Thanks KSALguy, I didn't know that about her nesting spot. Right now I just have a nest box in their house.
We may try to free range them but we'll have to see. If we do it will be after she starts setting on a nest in their penned area & will feed in the afternoon like you suggested.


----------



## BackfourtyMI. (Sep 3, 2007)

eclipchic said:


> we free ranged ours last year, well we did have perimeter fencing. They knocked on the windows, pooped on the deck, stole cherry tomatoes, picked on the chickens....hooligans! They even attacked my old dog. We'll do it again this year though, they were a hoot to have around.


Did you lock them up at night or did they just roost where ever they wanted at night.


----------



## Jennifer L. (May 10, 2002)

Mine free range all year. The only real problem is they like to get in the road and stop traffic. You also have to be careful on where you park tractors, etc, because the toms like to perch, and crap on, the stuff that's 4-6' off the ground (the hens go higher and prefer the trees rather than low lying machinery).
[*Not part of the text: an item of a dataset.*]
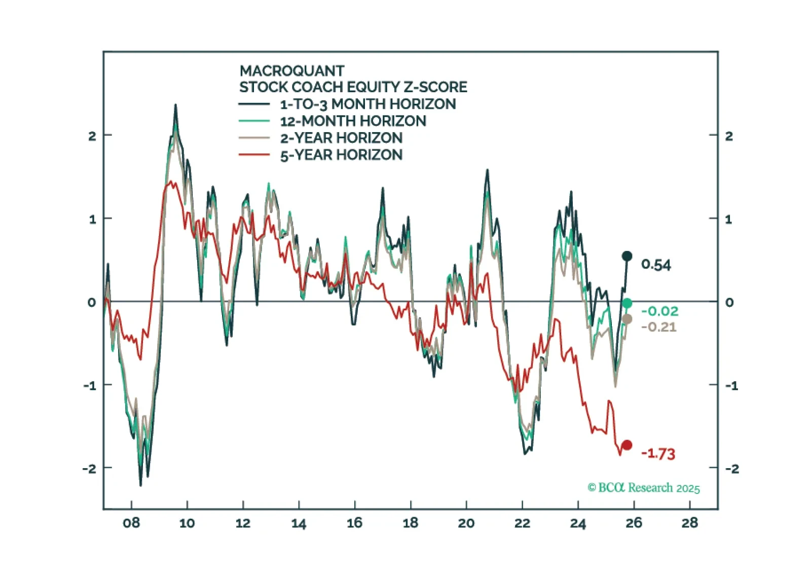 MacroQuant is tactically overweight equities, favors an above-benchmark duration stance in fixed-income portfolios, remains bearish on the US dollar, and is bullish on gold and copper.

I only confine breeding groups in the spring, and figure on losing a lot of the other hens to predators when they nest in unprotected areas. That's the main problem with free ranging turkeys, hens nesting in unsafe areas and getting picked off by coyotes or foxes. Not much you can do about that if you let them free range during nesting season.

Jennifer


----------



## Sherry in Iowa (Jan 10, 2010)

We've had a few turkeys "free range". It was an experience..


----------



## whiskeylivewire (May 27, 2009)

We only have one turkey, a Black Spanish tom, so maybe that is the reason it's been so easy. He roosts on top of the goats pens, we have no predators that come up to the house-haven't lost a chicken or the turkey yet-and he's gentle as can be. He just struts around and wants attention. He didn't eat the garden produce(unlike the chickens) and he only got the bugs out of it. We are getting him a harem as soon as Estes hatches them out and maybe things will change then but as of now he is better than the chickens!


----------



## Macpaul (Apr 14, 2008)

We lock ours up everynight. They free range in the yard with the chickens. Sometimes getting into the back pasture which means you have to go get them. The hen is lighter so they can fly up onto something but the tom becomes to heavy. My tom will go back in but noone else will. So he keeps coming out. I walk behind them and they go right back in. It can be a pain but it's safer to put them up. Good luck if you get your hen to nest in the coop, mine likes to find a spot in tall weeds. Then it's a game to find her. As she only came back to the coop twice.(every girl need her dirt bath) Glad you got a girl for Lincoln. That means out of 9 only 3 were girls.


----------